When Larry Robbins took over ownership of the United States Hockey League’s Chicago Steel in 2015, he sent an organization-wide email making his intentions clear.

“We’re going to relentlessly pursue championships,” Robbins wrote.

Two years later, Robbins got his wish. The 17-year-old franchise won its first championship last week with a 2-1 overtime victory against the Sioux City Musketeers in the fifth and deciding game of the Clark Cup Final.

Forward Tyler Gratton scored 11:30 into overtime to cap a season in which the Steel established franchise records with 38 victories and 81 points.

“Being part of that first group to win a championship for a franchise is really special,” said alternate captain Jack Badini, who will play for Harvard this fall. “We’re like a family, and it will be like that the rest of our lives.”

Steel coach Dan Muse has difficulty putting the championship moment into words. But after the team finished last season with five consecutive victories and won its first 10 games this season, Muse knew he had a special group.

Muse saw his team play through the rigors of the regular season before the Steel advanced through their first postseason in nine years. And when they reached Game 5, Muse understood the moment Robbins wrote about might finally be a reality.
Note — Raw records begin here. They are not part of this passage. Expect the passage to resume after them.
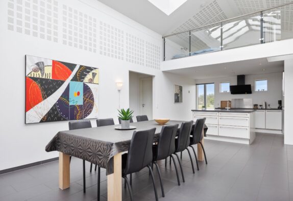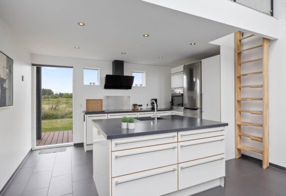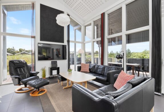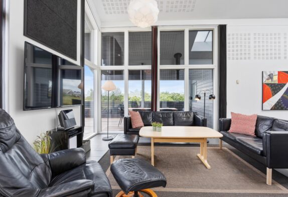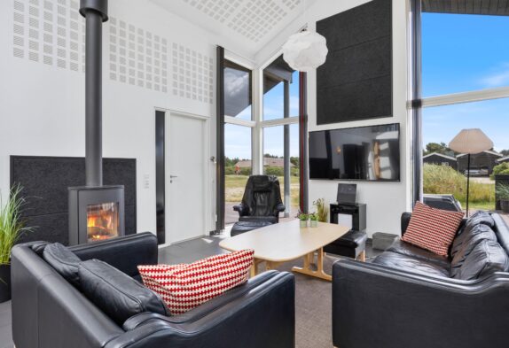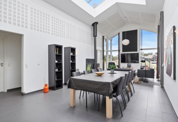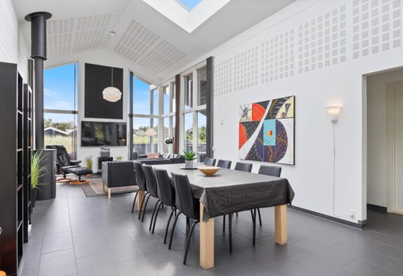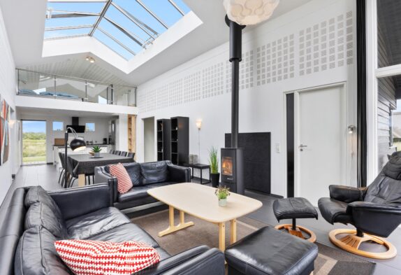 Læn dig tilbage og nyd kvalitetstiden med familien; rammerne er sat for en god ferie. I dette sommerhus er der kræset for kvaliteten i alle detaljer. Og fra du træder ind af døren, mærker du, at feriehuset emmer af velvære og kvalitet. Sommerhusets hjerte med stue og køkken/alrum, hvor der er plads og luft til den store familie, er perfekt til hyggelige timer sammen. Det store ovenlys og de høje lofter skaber en helt særlig atmosfære.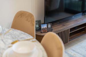 En el interior del apartamento, los huéspedes encontrarán dos dormitorios equipados con camas y dos baños privados provistos con artículos de aseo gratuitos que incluyen champú, acondicionador, jabón corporal y secador de pelo. La cocina americana totalmente equipada cuenta con horno, placa vitrocerámica, microondas, nevera, hervidor eléctrico junto con instalaciones para preparar té y café. Entre las comodidades adicionales hay plancha y tabla para planchar, lavadora disponible además de toallas y ropa de cama para mayor confort.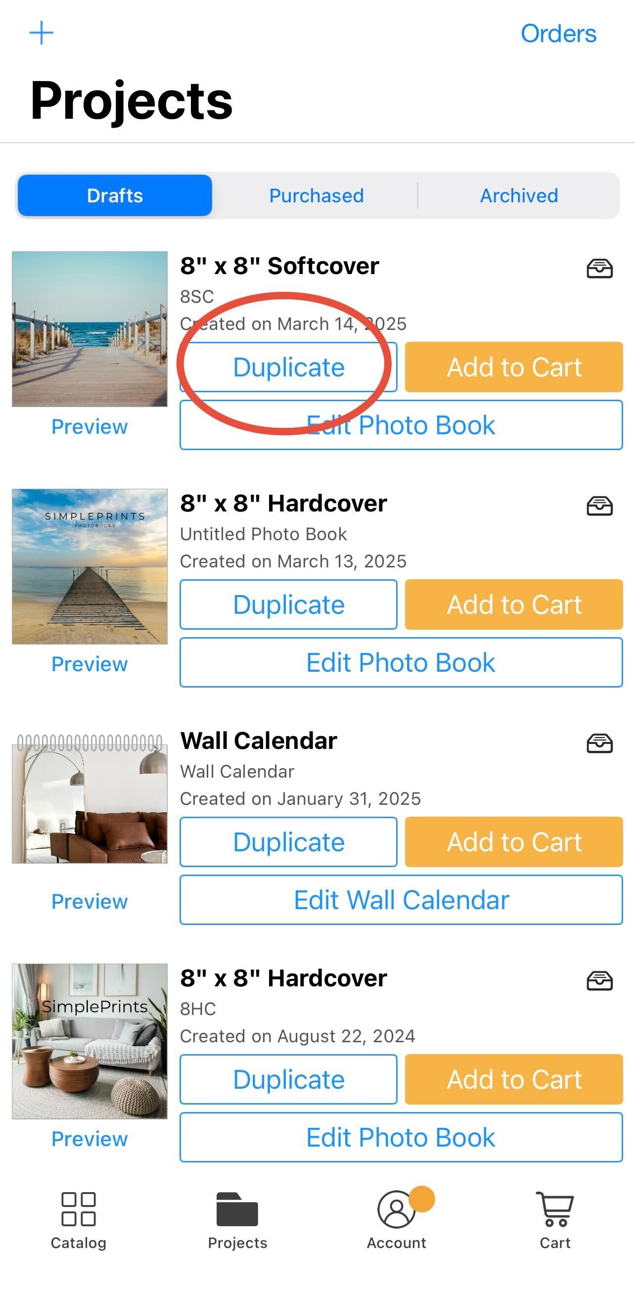 Locate your project in Drafts on the Projects tab in the SimplePrints app. If you've already purchased your book, you may need to toggle over to the Purchased tab. Using the Duplicate button next to your project in the app, create as many duplicates as the number of new books you'd like to create. The new, duplicated project will be located in Drafts with the word (Copy) in front of it's name project name.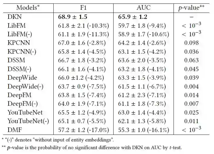 该模型在新闻推荐上取得了很好的效果:DKN取得了0.689的F1值和0.659的AUC值,并在p=0.1水平上比其它方法取得了显著的提升。

“It’s a process,” Muse said. “What makes a good team great is they don’t need a big moment, they don’t need a changing moment. They’re consistently getting better and growing as the year goes on.”

From the bench, Muse watched as Gratton fired a shot that snuck under the crossbar for the game-winning goal. It set off an on-ice celebration that reached the seats where Robbins, general manager Ryan Bennett and president Dan Lehv sat. After two years of changing the franchise’s culture, everything came together in one moment.

“It was a special moment to win it as we did,” Lehv said. “You can’t write a better script. It was on the road, in overtime in a deciding Game 5. It’s a night we’re all going to remember for a very long time.”

Badini, a native of Old Greenwich, Connecticut, will remember this season as the one in which the Steel played deeper into the spring than either of Chicago’s other hockey franchises.

Though the Steel aren’t on the same level as the Blackhawks — or even the Wolves of the American Hockey League — Lehv believes the city’s hockey landscape is big enough to support all three organizations. The Steel drew more than 2,000 fans at both of the Clark Cup Final games at the Fox Valley Ice Arena in Geneva, and Lehv hopes the championship season will add to the momentum that grew throughout the season.

But for Muse, nothing changes.

“If you have guys that are getting better consistently and if we do a really good job of that, winning is going to be a product of having that right environment and having those right people in place,” Muse said. “But for us, the expectation is the same.”